Persepsi yang jelas akan realitas: persepsi akurat yang jelas mengenai suatu keadaan dan kemampuan mengenali kepalsuan, serta ketidaktakutan menghadapi ketidaktahuan.

Penerimaan terhadap diri sendiri, orang lain, dan sekitarnya: ketidakmaluan menerima kelemahan dan kecacatan dalam dirinya sendiri, orang lain, dan lingkungan sekitarnya. Spontanitas, tidak konformis: tindakan spontan dalam kehidupan namun bukan di luar aturan. Terpusat pada pemecahan masalah: ketertarikan untuk memecahkan masalah. Privasi dan kebutuhan untuk menyendiri: kebertahanan untuk tetap tak terganggu, yang dapat menyebabkan sikap asosial.
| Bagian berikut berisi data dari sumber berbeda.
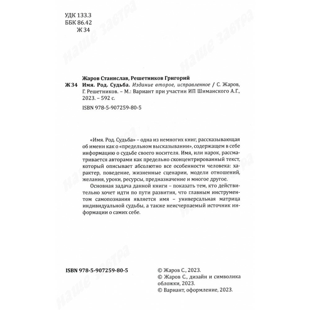 «Имя. Род. Судьба» – одна из немногих книг, рассказывающая об имени как о «предельном высказывании», содержащем в себе инфор-мацию о судьбе своего носителя. Имя, или нарок, рассматривается авторами как предельно сконцентрированный текст, который описывает абсолютно все особенности человека: характер, поведение, жизненные сценарии, модели отношений, желания, уроки, ресурсы, предназначение и многое другое.

Otonomi, independen terhadap lingkungan dan kultur yang ada: ketidaktergantungan terhadap orang lain atau kebudayaan di luar, namun lebih kepada pertumbuhan dan perkembangan diri sendiri. Apresiasi segar yang berkelanjutan terhadap kehidupan sekitar: keberlanjutan apresiasi terhadap kesenangan-kesenangan mendasar dalam hidup. Pengalaman mistik atau pengalaman puncak: pengalaman yang menguatkan dan mengubah diri serta meninggalkan kesan yang mendalam. Kesatuan dengan kemanusiaan: identifikasi, simpati, dan afeksi kepada orang lain, dan secara umum terhadap kemanusiaan itu sendiri. Relasi antarpersonal yang dalam: kedekatan, cinta, dan pengenalan yang lebih dalam dari yang biasanya, dan biasanya pada sekelompok kecil teman. Watak demokratis: penghormatan terhadap setiap orang dan keinginan untuk belajar darinya. Etika yang berujung pada moral: pembedaan yang jelas antara maksud dan tujuan serta pemahaman akan kebaikan dan keburukan serta kebenaran dan kesalahan yang umumnya berbeda dengan orang lain. Rasa humor filosofis yang tak menyakitkan: humor cerdas yang intrinsik dan spontan. Kreativitas dan imajinasi: cara pandang terhadap sesuatu yang segar dan langsung serta naif.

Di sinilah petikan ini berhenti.